‘The picture looks nicer but we’re not finished yet’: dressage ponies banned from competing owing to mouth wounds

  • Ten ponies were banned from competing in Denmark at two shows — and comments were made about 13 more — owing to injuries in their mouths.

    The Danish equestrian federation (DRF) had warned competitors in the pony ECCO Cup qualifier that tack checks would be carried out at two events, two weekends running at Sundeved Rideklub.

    Ponies were checked on their way into the warm-up area, by DRF veterinary consultant Mette Uldahl, and any with broken skin were not allowed to compete.

    At the first event, on 21 March, four ponies showed “wounds in the oral cavity” and were not allowed to compete, while six “received a remark”.

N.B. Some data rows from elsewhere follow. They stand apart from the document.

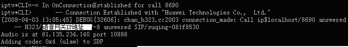 表示軟交換Asterisk與華為8010語(yǔ)音網(wǎng)關(guān)的H323連接已經(jīng)成功建立
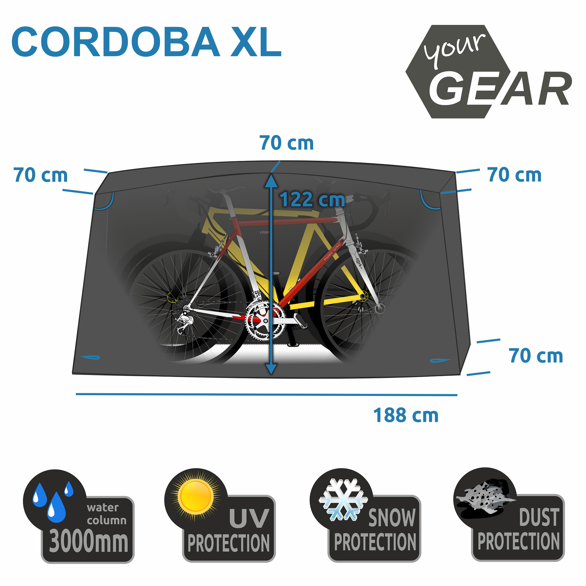 - yourGEAR Cordoba Bike Cover - Fahrradabdeckung für 2 Fahrräder. Die Abdeckplane ist als Fahrradgarage nutzbar oder als Schutz beim Transport der Räder auf Fahrradträgern aller Art
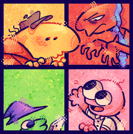 abacatencio allan_(smiling_friends) bald blue_necktie brown_hat cellphone charlie_dompler colored_skin glep_(smiling_friends) green_skin hat hood hoodie looking_down lowres necktie orange_hoodie phone pim_pimling pink_skin purple_hat red_skin smartphone smiling_friends solid_circle_eyes waving wizard_hat yellow_skin
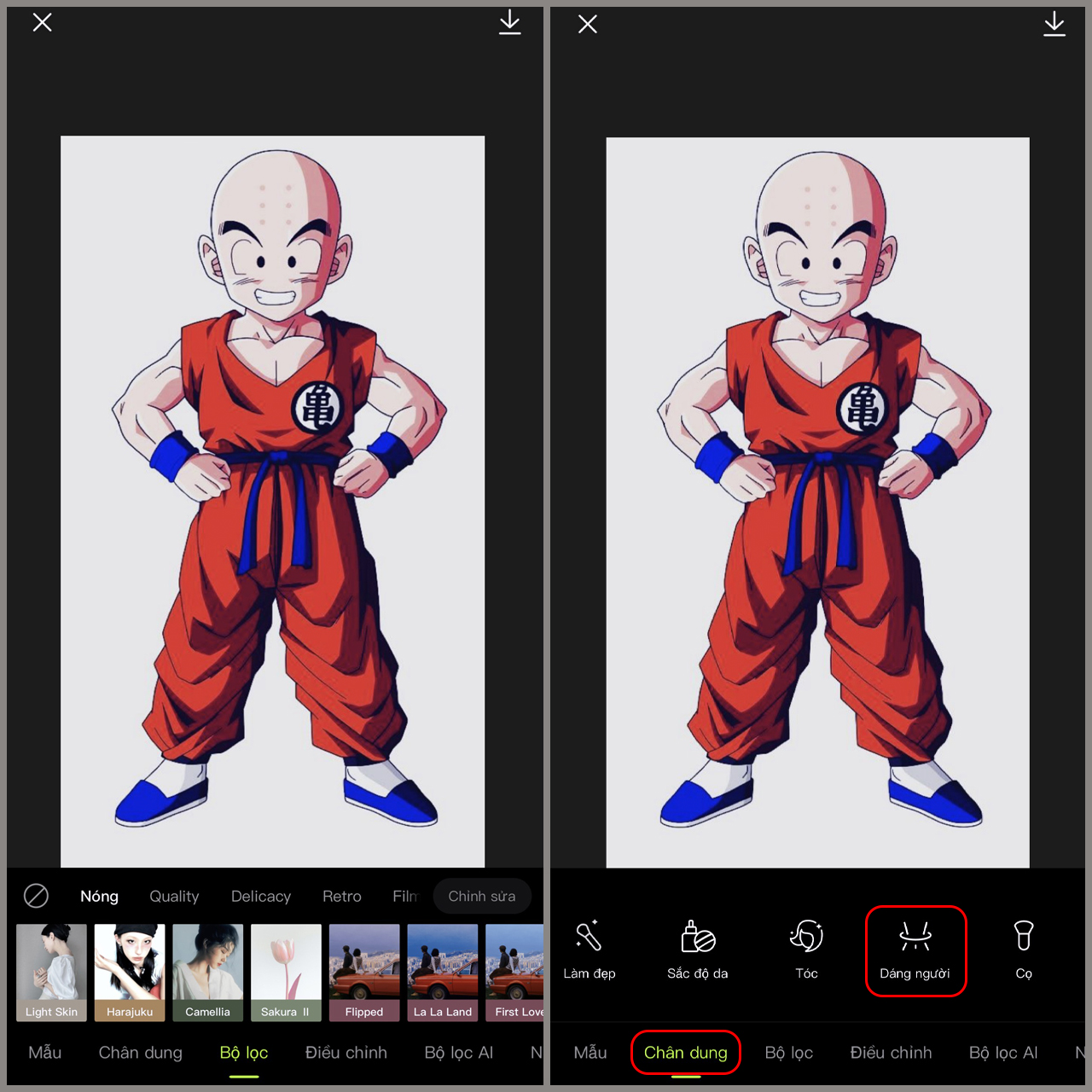 Bước 2: Chọn công cụ chỉnh Dáng người
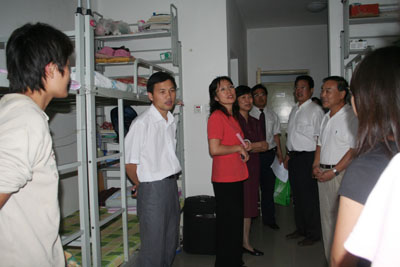 9月13日下午4点,中央财经大学党委副书记候慧君,原北京林业大学党委副书记张清泉,市委教育工委干部处主任科员寇红江一行三人在党委副书记王晓霞、纪委书记朱生利的陪同下,考察了学校党建进宿舍活动,走访了教职工活动中心,出席了食品系学生班级建设论坛。

    DRF club and sports manager Anne Silfwander said: “We are naturally sorry to see that four of the horses were not fit to compete due to wounds in the oral cavity, and that another six horses received remarks.

    “Optimally, we should like to get to the point where you, as parents, riders and trainers, think preventively and make sure to check the horse regularly, so that you do not show up at the venue with a horse that is not fit to compete. Fortunately, many people have already embraced this way of thinking, but there is still room for improvement. ”

    On 28 March, six ponies were denied for the same reason and seven crews spoken to. Reasons for the remarks included redness and “wear marks” in some of the ponies who were allowed to compete.

    Ms Silfwander said: “It is by no means optimal that we see more ponies that are not fit to compete due to wounds in the oral cavity, and that there are also more who receive remarks.

    “Although the picture basically looks nicer in pony dressage than in previous years, we are not finished yet, and that is why it is so important that both parents, riders and trainers think preventively and make sure to check the ponies regularly. It is a good habit we must have established, and it takes time.”

    DRF said there was overall support from the tack checks, from riders, parents and trainers, which Ms Silfwander said was a good sign.

    “We know that equipment control can make people nervous regardless of the outcome, so we are really happy to see that the general reception is good and that people are basically understanding and cooperative,” she said.